• What is being asked
Ignoring the pictures, repeat every entry below exactly as it appears.

[Entries taken from a collection]
-- Opening Marker --
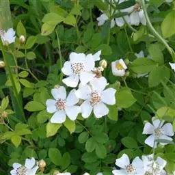 白蔷薇:直立灌木,高约2米;小枝有不等钩状皮刺,有时混有刺毛。小叶通常5,稀7,宽椭圆形或卵形,…
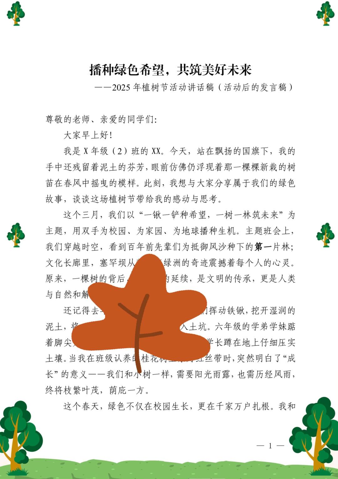 10 播种绿色希望,共筑美好未来——2025年植树节活动讲话稿(活动后的发言稿).docx
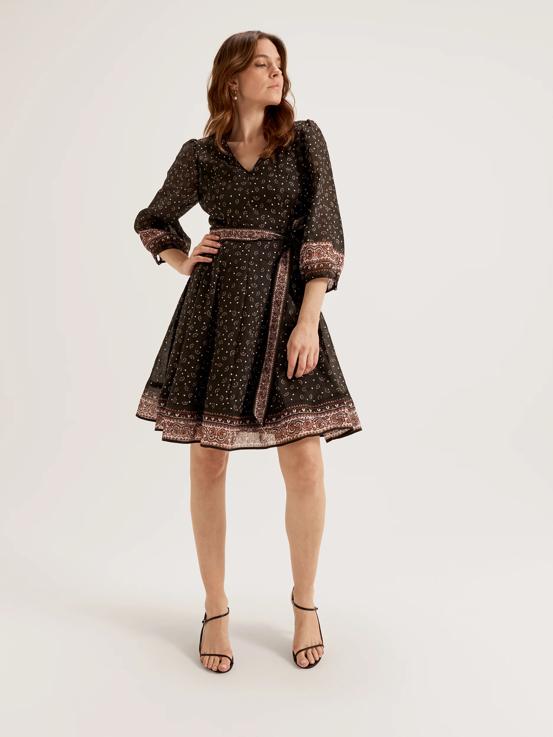 Sit back and bask in seaside vibes with the Portofino Paisley Dress. This above the knee length dress is the elegant answer to the Euro summer trend, featuring a V neckline and a Portofino Paisley placement print across the dress. It doesn't skimp on the details either, with panelling in the bodice and skirt, and a self fabric tie belt also adorned with our beloved placement print. Fully lined with panelling in both the bodice and skirt, the Portofino Paisley Dress fits and flatters your figure, providing both sophisticated structure and fluid skirt movement with its linen blend fabrication.
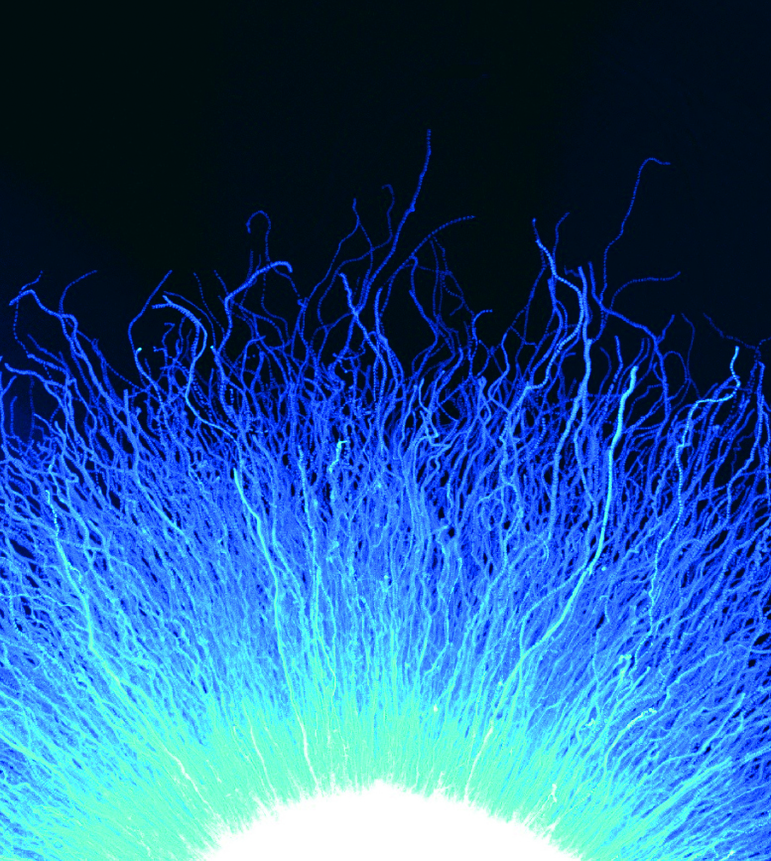 強力な免疫反応として、感染や炎症時の免疫細胞の協調的な動きが挙げられます。細胞はどのようにして移動すべき場所を知るのでしょうか? 免疫細胞の一種、いわゆる樹状細胞は、生体の自然反応と適応反応をつなぐメッセンジャーのような重要な役割を果たしています。樹状細胞の移動は、リンパ節から放出される小さなシグナル伝達タンパク質であるケモカインによって誘導されます。Sixt グループの Jonna Alankoは、樹状細胞が移動する際、ケモカインを細胞内に取り込み、局所的なケモカイン濃度を減少させ、その後再び濃度の高い場所に移動することを実証しました。これにより樹状細胞は、リンパ節に向かう経路を容易に見つけることができ、集団移動をより効果的に行うことができるのです。樹状細胞の移動経路を可視化するため、Alankoは、数時間にわたる樹状細胞の軌跡を投影しました。
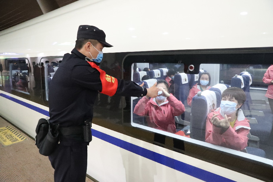 站台上,武汉铁路民警和工作人员向即将归家的英雄们致敬,护航列车安全驶离。
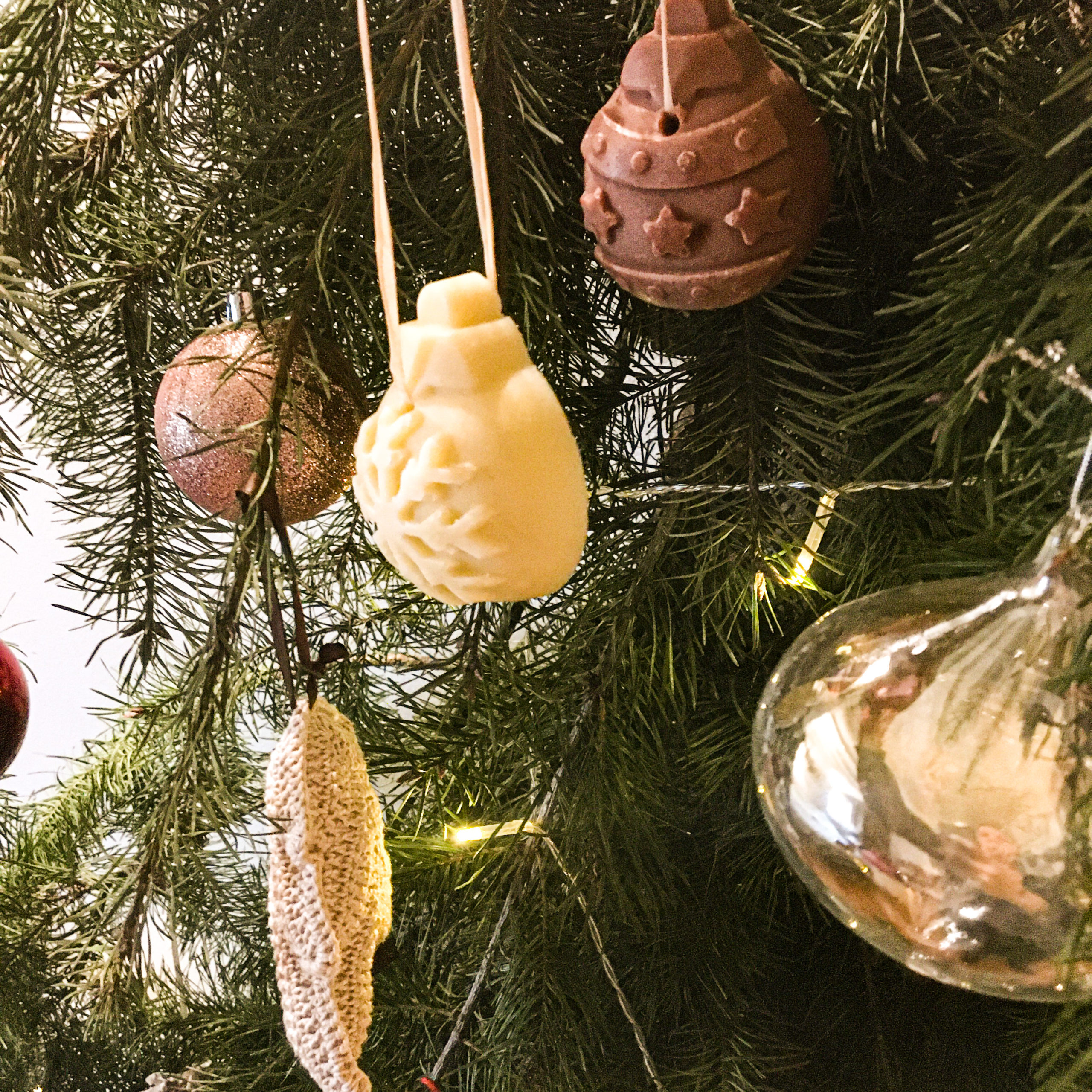 Ces jolis savons sont des jolies idées de cadeaux de Noel, qui allieront naturel, douveur et respect de l’environnement. Ils sont percés par une bande de raphia qui vous permettra de les accrocher dans votre douche, et même sur votre sapin de Noel en attendant que les fêtes arrivent !
-- Closing Marker --
• Answer for the task
 白蔷薇:直立灌木,高约2米;小枝有不等钩状皮刺,有时混有刺毛。小叶通常5,稀7,宽椭圆形或卵形,…
 10 播种绿色希望,共筑美好未来——2025年植树节活动讲话稿(活动后的发言稿).docx
 Sit back and bask in seaside vibes with the Portofino Paisley Dress. This above the knee length dress is the elegant answer to the Euro summer trend, featuring a V neckline and a Portofino Paisley placement print across the dress. It doesn't skimp on the details either, with panelling in the bodice and skirt, and a self fabric tie belt also adorned with our beloved placement print. Fully lined with panelling in both the bodice and skirt, the Portofino Paisley Dress fits and flatters your figure, providing both sophisticated structure and fluid skirt movement with its linen blend fabrication.
 強力な免疫反応として、感染や炎症時の免疫細胞の協調的な動きが挙げられます。細胞はどのようにして移動すべき場所を知るのでしょうか? 免疫細胞の一種、いわゆる樹状細胞は、生体の自然反応と適応反応をつなぐメッセンジャーのような重要な役割を果たしています。樹状細胞の移動は、リンパ節から放出される小さなシグナル伝達タンパク質であるケモカインによって誘導されます。Sixt グループの Jonna Alankoは、樹状細胞が移動する際、ケモカインを細胞内に取り込み、局所的なケモカイン濃度を減少させ、その後再び濃度の高い場所に移動することを実証しました。これにより樹状細胞は、リンパ節に向かう経路を容易に見つけることができ、集団移動をより効果的に行うことができるのです。樹状細胞の移動経路を可視化するため、Alankoは、数時間にわたる樹状細胞の軌跡を投影しました。
 站台上,武汉铁路民警和工作人员向即将归家的英雄们致敬,护航列车安全驶离。
 Ces jolis savons sont des jolies idées de cadeaux de Noel, qui allieront naturel, douveur et respect de l’environnement. Ils sont percés par une bande de raphia qui vous permettra de les accrocher dans votre douche, et même sur votre sapin de Noel en attendant que les fêtes arrivent !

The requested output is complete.